FREE-AGENT SUGGESTION: Check above, concerning Anthony Parker.
POWER FORWARD
1. Boris Diaw, $9 million
2. (Somebody … Juwan Howard? Sean May?)
3. Alexis Ajinca, $1.37 million.
THE SKINNY: Diaw is the most skilled player in Bobcats history. He makes one-handed passes through traffic that – maybe – five others in the league can complete. He changed the way they play and addressed their most basic flaw – an inability to create easy baskets. But he's not the most intense guy and the backup should be something different; a low-post enforcer. Ajinca will never be that, but it's silly to give up on him. Anyone with that length and skill (as a passer and a shooter) someday will screw up defenses. He just needs about 3,000 protein shakes to get where he needs to be strength-wise.

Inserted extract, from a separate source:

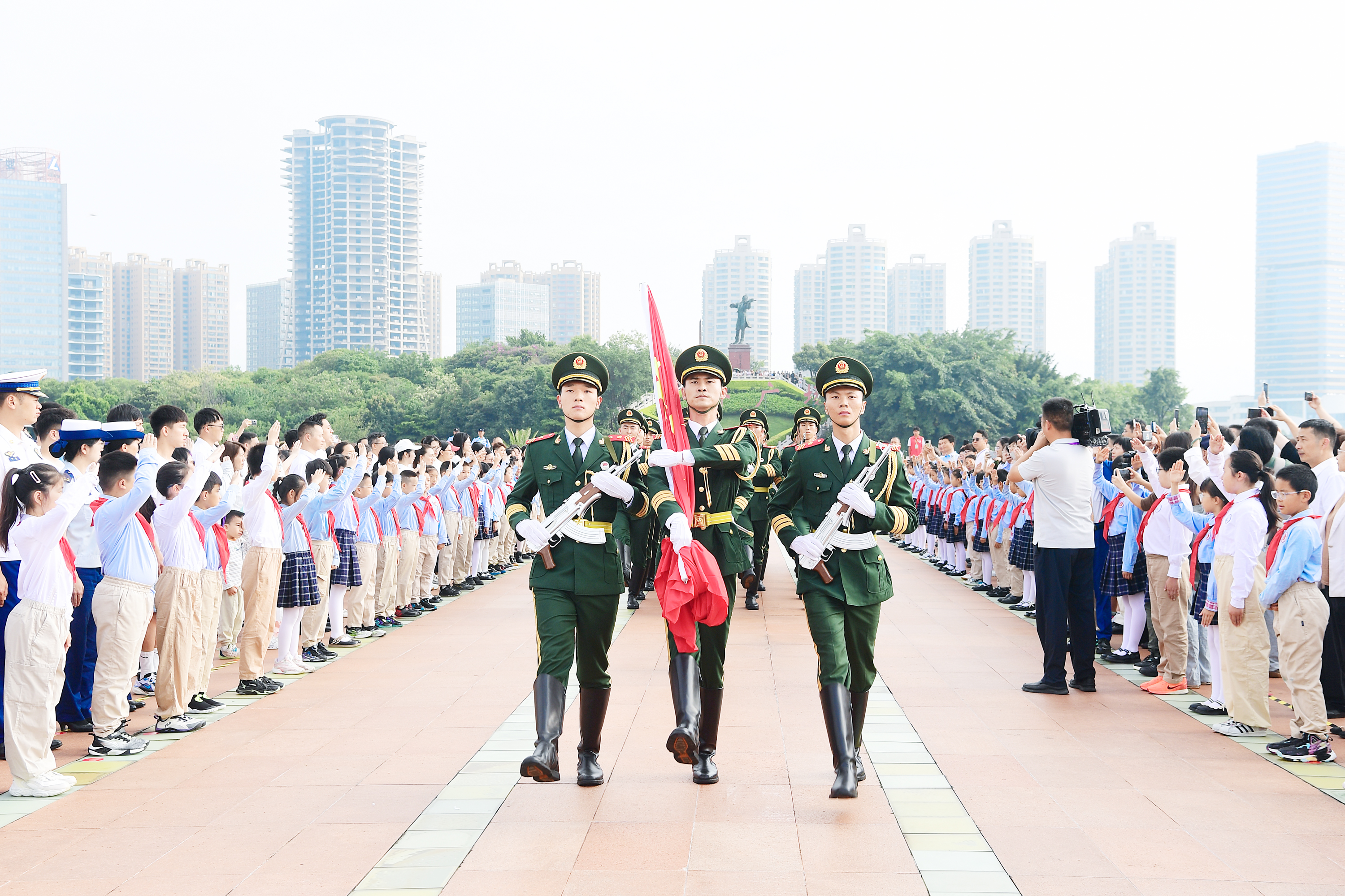 同升国旗 同唱国歌 缅怀先烈弘扬爱国精神 上午8点30分,武警玉溪支队国旗护卫队迈着铿锵有力的步伐,将国旗送至升旗台。聂耳广场上,参与活动的嘉宾、市民纷纷转身,将视线聚焦,迎国旗而立,全场庄严肃穆。“升国旗,奏唱国歌”在主持人洪亮的口令下,中国人民解放军军乐团原团长、国歌立法推动者于海指挥军乐队,奏起了《义勇军进行曲》。鲜艳的五星红旗迎风飘扬,一句“前进!前进!前进!进!”富有力量的国歌声响彻聂耳广场。 活动现场,于海还指挥军乐队,与全场参与活动的嘉宾、市民共同唱响《歌唱祖国》,纪念中国人民抗日战争暨世界反法西斯战争胜利80周年,以歌声缅怀先烈,弘扬伟大爱国主义精神、伟大抗战精神。 “今年是中国人民抗日战争暨世界反法西斯战争胜利80周年,《义勇军进行曲》公开发表90周年,在这个特殊节点举行此次活动非常有意义。爱国,要从唱好国歌开始。”于海表示每次来玉溪,站在国旗下指挥升旗仪式都有不同的感受,也见证了玉溪人民对聂耳的深厚感情。 “今天早上我们和玉溪人民一起,在聂耳的故乡,参加了升国旗仪式,共同唱起了《义勇军进行曲》。我非常荣幸、骄傲和激动。”田汉基金会秘书长、田汉之孙欧阳维表示,“《义勇军进行曲》将永远激励着我们奋勇向前。未来,我们将继续与玉溪人民、云南人民和全国人民一起,把我们的国歌唱响。”

FREE-AGENT SUGGESTION: Antonio McDyess, late of the Detroit Pistons. He's one of Brown's all-time favorites and can play power forward and center. He started out as an unrefined athlete, but now he knows the game. The smart move would be using his final two or three seasons with a title contender, but if there was ever a time for Brown to leverage his personal relationship with Dice, it's now.
CENTER
1. Emeka Okafor, $10.5 million
2. Gana Diop, $6.03 million
3. Nazr Mohammed, $6.47 million.
THE SKINNY: Center is not a bad place to have too much depth, but that doesn't explain away trading two expiring contracts for Mohammed. He isn't playing, he likely won't play, and he wants to be somewhere else. But particularly in this economy, who will take on roughly $13million in guaranteed money over the next two seasons? Diop is younger and perhaps a better post defender, but he needs to improve dramatically on offense.

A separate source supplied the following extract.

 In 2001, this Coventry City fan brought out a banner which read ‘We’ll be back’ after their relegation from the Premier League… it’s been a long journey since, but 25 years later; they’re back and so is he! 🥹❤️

FREE-AGENT SUGGESTION: Rasheed Wallace, late of the Detroit Pistons. Understand, up-front, this is a pipe dream. Wallace should draw interest from a contender (Cleveland, for instance). But he has that wide skill set (can defend any front-court position, can shoot out to NBA 3-point range) that could assure the Bobcats a playoff spot. The issue is his potential threat to great chemistry. I've never been around a group of professional athletes so vested in each other's success. Messing with that is risky business.